The author of the post says that while this explanation could work for James, he
does not feel that way about Britten’s opera, where he believes the sexual subtext
to be more potent. And then adds that this concern arose because he had recently
watched Bondy’s version. He then writes: “Il punto è che con un Quint possente
e magnifico di Marlin Miller, decisamente discinto e brutale, forse il migliore
Quint insieme a Bostridge che io conosca, il piccolo Miles ha - in questo
spettacolo di Luc Bondy - un atteggiamento succube ma complice. Complice nel
male, ma succube nel sesso, e quando Quint impone a Miles di prendere la
lettera che l'istitutrice ha scritto al tutore, c'è un momento in cui Quint è, con un
larghissimo scamiciato, visibilmente sporco, e con aria depravata gli canta
addosso. L'impatto è fortissimo, la scena rende meglio... ma quel bambino? Non
dico Miles, ma dico il piccolo cantante, Gregory Monk…"[111] (“The point is that
with a powerful and magnificent Quint by Marlin Miller, decidedly discreet and
brutal, perhaps the best Quint together with Bostridge that I know, little Miles
has - in Luc Bondy's show - a submissive but complicit attitude. Accomplice in
evil, but submissive in sex, and when Quint forces Miles to take the letter that
the governess wrote to the guardian, there is a moment when Quint is, in a very
large pinafore, visibly dirty, and with a depraved air, sings to him. The impact is
very strong, the scene is better that way...but that child? I don't mean Miles, but I
mean the little singer, Gregory Monk…). But probably to Gregory Monk, as it
was to Thomas Parfitt, sexuality wasn’t anything shocking. Just like adults are
doing their jobs, so are the kids. But when you’re kid, there will always be
scores of adults worried about you “losing your innocence”, but as Kincaid
famously wrote, “Innocence is a lot like the air in your tires: there's not a lot
you can do with it but lose it.”

Conclusion.
This writing explored Henry James and Britten’s “The Turn Of The Screw”, as
well as exploring the connection between it and other James’s books involving
close relationships between men and boys and Britten’s real life relationships
with many boys of various ages.
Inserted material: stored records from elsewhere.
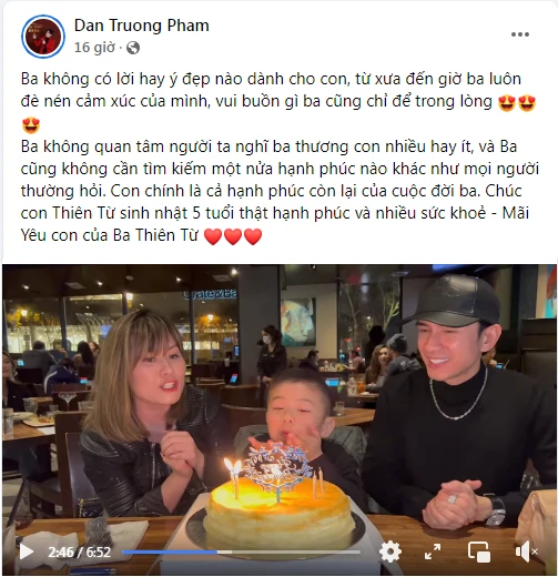 Giữa đêm 28-2, ca sĩ Đan Trường đã đăng tải đoạn video kèm theo dòng trạng thái mừng sinh nhật con trai Thiên Từ trên trang cá nhân. Đáng chú ý, trong đoạn video của ca sĩ Đan Trường còn có sự xuất hiện của Thuỳ Tiên - vợ cũ của nam ca sĩ.
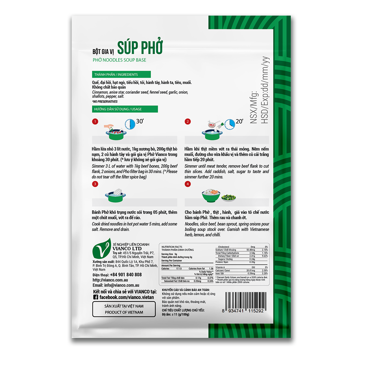 Bột gia vị Súp Phở Vianco - Kết tinh hương vị thiên nhiên
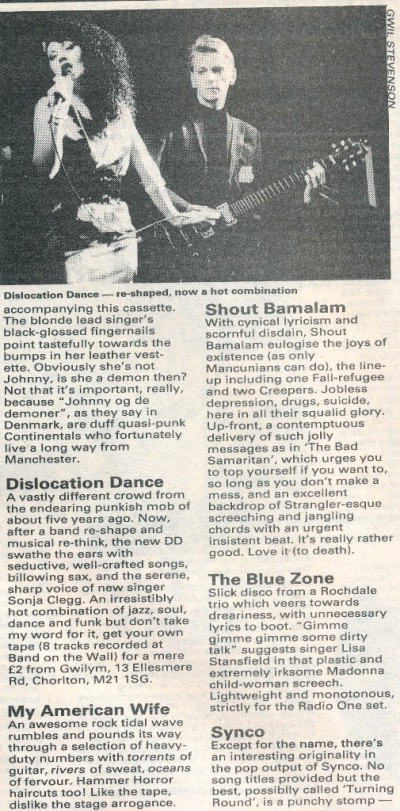 From City Life 35, July ’85; reviews of demos from the “Pop” section. The Blue Zone, featuring one Lisa Stansfield. Remember her as a presenter on a kiddies programme; accents like that were memorable as they were few and far between on the telly back then. Other bands reviewed on the page:- A.C.R. “Wild Party” 12”, they seemed to have released an inordinate amount of records....

It has mainly served the purpose of exposing
the thesis that “The Turn Of The Screw” is really about child sexuality, and it
follows the works of Kincaid and other theorists who focused on the
construction of childhood innocence and queering childhood. Sexual interaction
between adults and children in general, and between men and boys (which is
either lost in general discussions about an essentialist concept of
“homosexuality” or completely invisible) in particular, it’s contemporary
society’s greatest taboo, and writing about it is not easy, one often comes across
several problems, if not outright censorship. But the sexual children of The Turn
Of The Screw remain fascinating, otherwise shows like “The Turning” (featuring
Finn Wolfhard, a child actor that was frequently sexualized) or “The Haunting
Of Bly Manor”, loosely based on it, wouldn’t be so popular, even if they often
remove the overtones of pederasty between Miles and Quint. Boys in general
remain fascinating - and the they’re almost never portrayed as wholly pure, but
always on the threshold between innocence and (sexual) knowledge, we fetishize
them everyday, and without guilt, because we project all of it on the
“Pedophile”. It’s time to give fictional depictions of them more complexity, to
start portraying them as fully human. Maybe that will, over time, help us
understand that real children are also fully human.